= The Ritz (rock club) =

Rock club in New York City

The Ritz was a New York City rock club in the 1980s and early 1990s.

== History ==
The Ritz was founded in 1980 by Jerry Brandt in the historic Webster Hall ballroom and concert space located at 119 East 11th Street between Third and Fourth avenues in the East Village neighborhood of New York City. The Ritz focused primarily on live performances, often of newer acts, but also featured dancing. The Ritz was one of the first clubs to incorporate video screens into the club experience with a 30' screen and a projector which cost $120,000. MTV made its debut at The Ritz. In April 1989, The Ritz moved to the site of the former Studio 54 on 254 West 54th Street, where it was called "The New Ritz" and continued to host concerts until 1995. From 1990 onward it reverted to the name "The Ritz". The original 11th Street space reverted to the name Webster Hall after The Ritz relocated.

== MTV's "Live at The Ritz" ==
MTV aired a series of concerts called "Live at The Ritz" on Saturday nights in the 1980s. Performers included Guns N' Roses, Gene Loves Jezebel, the Saints, the Cult, Nik Kershaw, the Smithereens, Oingo Boingo, Julian Cope, Great White, Hoodoo Gurus, Pseudo Echo, White Lion, Iggy Pop, Eurogliders, Blancmange, and Simon Townshend.

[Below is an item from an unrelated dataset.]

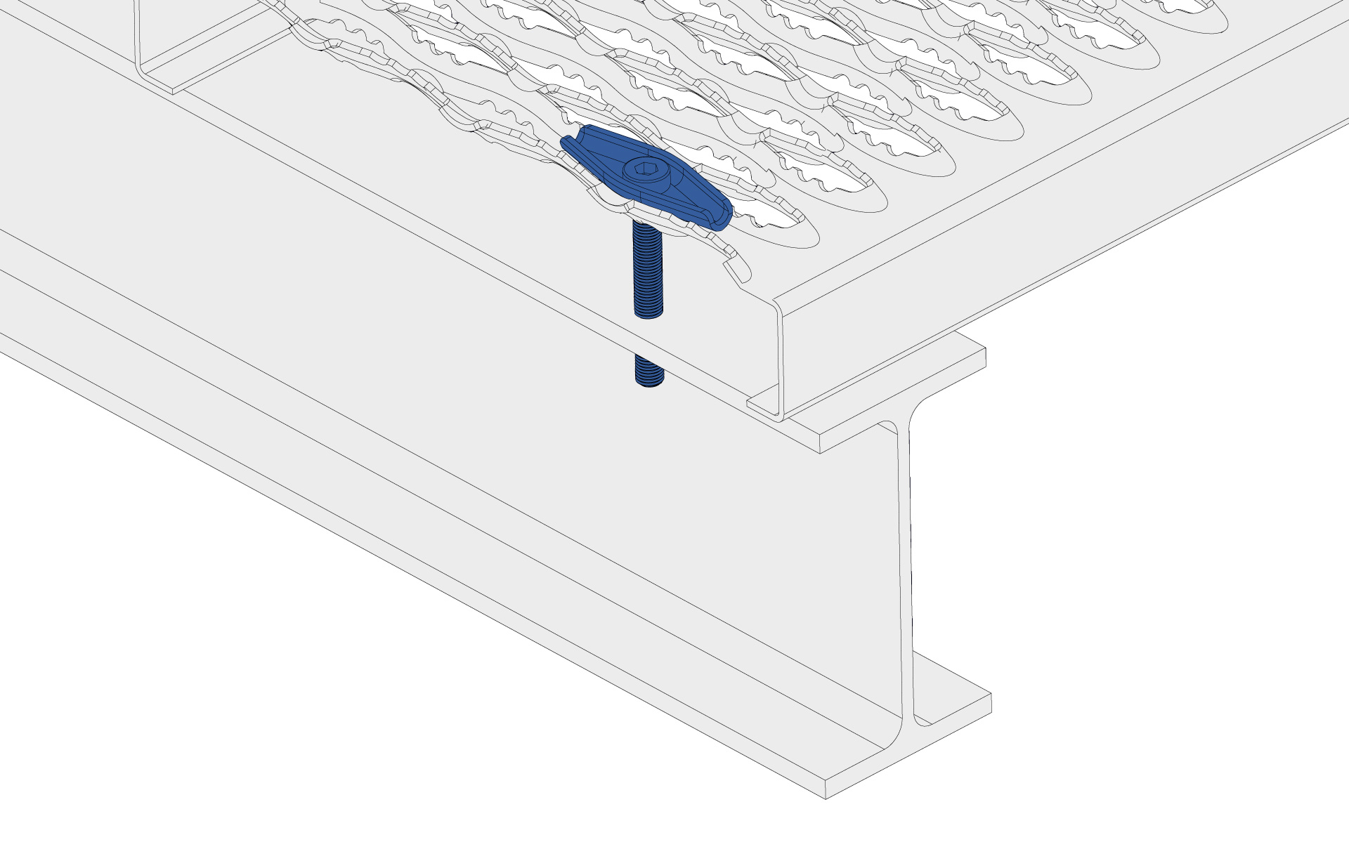 Komplett klammer i tre deler for feste av profilrister. Overdel, skrue (M8) og mutter. Finnes med skruelengdene 70 og 100 mm. Varmforsinket overdel. Skrue og mutter er i rustfri utførelse. Det må bores hull i bjelkelaget. Lagerført.

== Public Image Limited appearance ==
The club received national attention after an antagonistic performance by Public Image Limited on May 15, 1981. They were a late substitution for Bow Wow Wow, who were originally scheduled to perform. The band was more interested in creating performance art than giving a traditional concert; to this end, they appeared onstage deliberately obscured by a projection screen and played their records through the club's public address system while playing entirely different music onstage. Taunted by lead singer John Lydon (formerly of the Sex Pistols), the Ritz's unhappy patrons rioted, throwing bottles and garbage cans, and pulling on the video screen that covered the front of the stage.

== Notable shows and recordings ==
- "Mommy, Can I Go Out & Kill Tonight", the only live track on the Misfits' album Walk Among Us, was recorded at The Ritz in 1981. Parts of Evilive were also recorded there in 1981.
- Rick Derringer recorded a Ritz show in 1982, released in 2009 as Rick Derringer's Rock Spectacular: Live at The Ritz, New York 1982, featuring guests Ted Nugent, Tim Bogert, Karla DeVito and Southside Johnny.
- The Michael Stanley Band recorded the live album Live at the Ritz at The Ritz on September 26–27, 1983.
- The Residents played in New York for the first time at The Ritz, on January 16–17, 1986. Their album 13th Anniversary Show - Ritz NY - Jan 16, 1986 was recorded there.
- Bo Diddley recorded Live at The Ritz with Ronnie Wood in 1987.
- The second disc of British metal band Venom's live double album, Eine kleine Nachtmusik, was recorded at The Ritz on April 4–5, 1986.
- D.R.I. recorded Live at The Ritz on June 27, 1987.
- Guns N' Roses recorded their February 2, 1988, concert for a live video
- The August 13, 1988, concert by Kiss was recorded and has been released several times on video, cd and vinyl
- White Lion made a television recording at the club in 1988. This concert was released as the second disc of the 2007 compilation The Definitive Rock Collection.
- "Memories Can't Wait" from the Living Colour EP Biscuits was recorded live at the club on April 22, 1989.
- Tin Machine (fronted by David Bowie) recorded a megamix video for their first album at the club, released in June 1989.
- The first US show for Sepultura was at The Ritz opening for King Diamond on October 31, 1989.
- Guns N' Roses played again at The Ritz on May 16, 1991, which was also recorded and it was part of the You Could be Mine music video.
- Stormtroopers of Death recorded Live at Budokan at The Ritz on March 21, 1992.